Yes, indeed.  Quite strange and unusual, but definitely in the realm of strongly-indicated probability.


"The results, the team says, unequivocally suggest the glass is not wholly of this planet.

This is the first time we have clear evidence of glasses on Earth that were created by the thermal radiation and winds from a fireball exploding just above the surface," [lead author Pete] Schultz says.

According to the researchers, minerals in the glass called zircons had decomposed to form the mineral baddeleyite, which would have required extremely hot temperatures of above 1,670 °C, which is far hotter than a wildfire."

So, maybe not a pillar of fire, but at least briefly, it was a fireball over the desert.

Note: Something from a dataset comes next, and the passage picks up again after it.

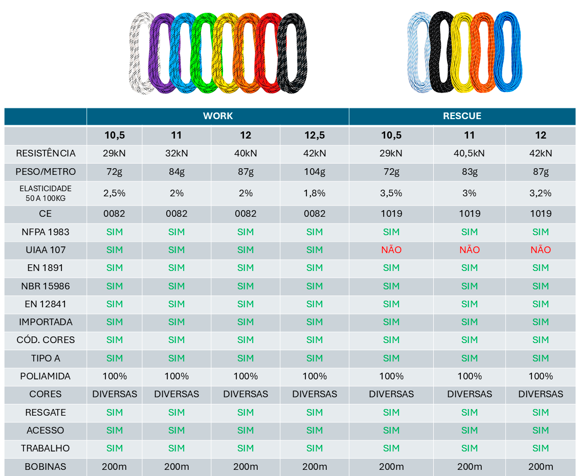 Construída em materiais importados, nobre e resistente. Melhor custo-benefício (desgaste x certificação x segurança x preço). Sua composição é 100% em poliamida. A capa é trançada com seu núcleo torcido, melhorando assim atributos como abrasão, resistência, absorção e elasticidade.

Here's what the stuff looks like:



















Caption:
"Figure 2. (A) Example of large glass slab at Chipana (Chile) that folded over during emplacement. (B) Twisted glass slab with two contrasting surfaces from Puquio de Núñez: one side is rough with sediments attached; the other side is smooth with flow patterns. Contrasting textures indicate formation on a sedimentary surface with subsequent mobilization. (C) Thin-section view of folded glass from Puquio de Núñez (Fig. 2D) showing typical green color, vesicles, and schlieren. (D) Cut section of large vesicular glass slab with multiple folds that indicate folding while still molten. Small yellow dot corresponds to the site of Figure 2C. These and other glasses contain signatures of extreme temperatures and numerous meteoritic fragments."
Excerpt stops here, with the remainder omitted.